-
Notifications
You must be signed in to change notification settings - Fork 4.6k
Description
Hi DeepSpeed team,
I’d like to suggest adding support for EXAONE 4.0 (LGAI‑EXAONE/EXAONE‑4.0‑32B and 1.2B) in DeepSpeed.
Currently, this model is officially supported by vLLM (via PR #21060), but DeepSpeed doesn’t yet recognize or integrate it.
This means we can’t fully take advantage of ZeRO, offload, and tensor parallel features with EXAONE 4.0.

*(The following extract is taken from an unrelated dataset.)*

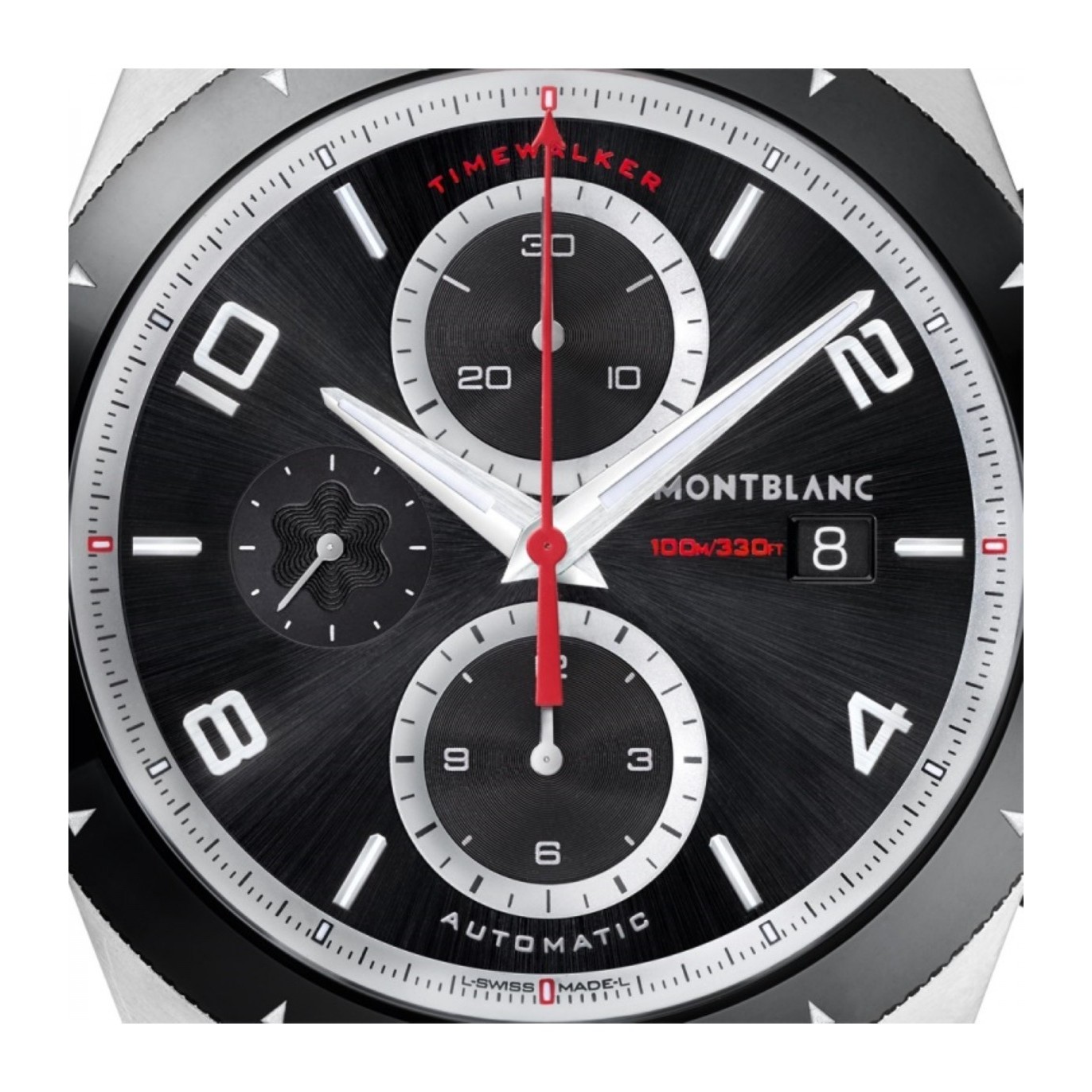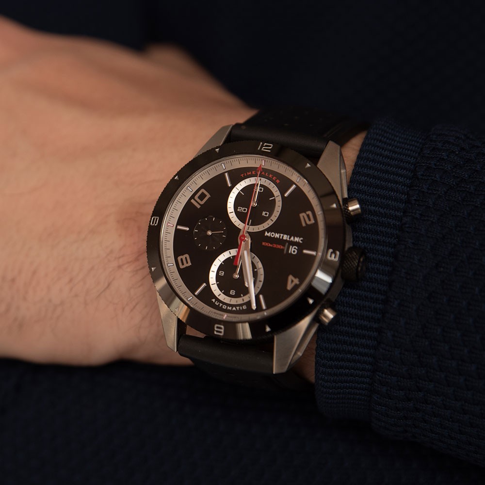 Montblanc established in 1906 in Germany. In addition to writing utensils now also luxury watches. Montblanc is one of many luxury brands belonging to the luxury goods group Richemont. As the world saw Montblanc's watchmaking expertise rise to the top, the brand sought to maintain its value: the pursuit of high-quality and craftsmanship. This collection is inspired by the simplicity and clarity of vintage automotive speedometers, the Montblanc Timewalker Collection offers the ultimate reliability, precision and innovative timekeeping. Offering technical excellence, without compromising on style, this Montblanc Timewalker Men’s Watch will allow your enjoy powerful aesthetics and performance.Showcased in a sapphire crystal glass lens, this striking timepiece features a black chronograph dial, a date display window at 3 o’clock, Super-LumiNova® coated hands and indices, a black bezel and a black rubber strap with asymmetrical holes.Powered by an automatic movement, this performance-focused timepiece provides water resistance up to 100 meters.

EXAONE 4.0 is a hybrid LLM (combining reasoning and non‑reasoning modes) and provides strong performance on reasoning tasks and multilingual content (Korean, English, Spanish). Benchmarks like MMLU‑Redux and MATH show impressive numbers (MMLU‑Redux 92.3, MATH/AIME ~85%).
What we’d like to see:
- Register
Exaone4ForCausalLMin DeepSpeed’s supported model registry. - Add support for initialization, parameter loading, and optimizer state management for the EXAONE 4.0 architecture.
- Ensure compatibility with ZeRO-offload (CPU/NVMe) and tensor parallel inference.
I’d be happy to share test logs or work on a draft PR if needed.
Adding EXAONE 4.0 support would be a great benefit for the growing Korean and multilingual AI community.
Thanks for your time and consideration!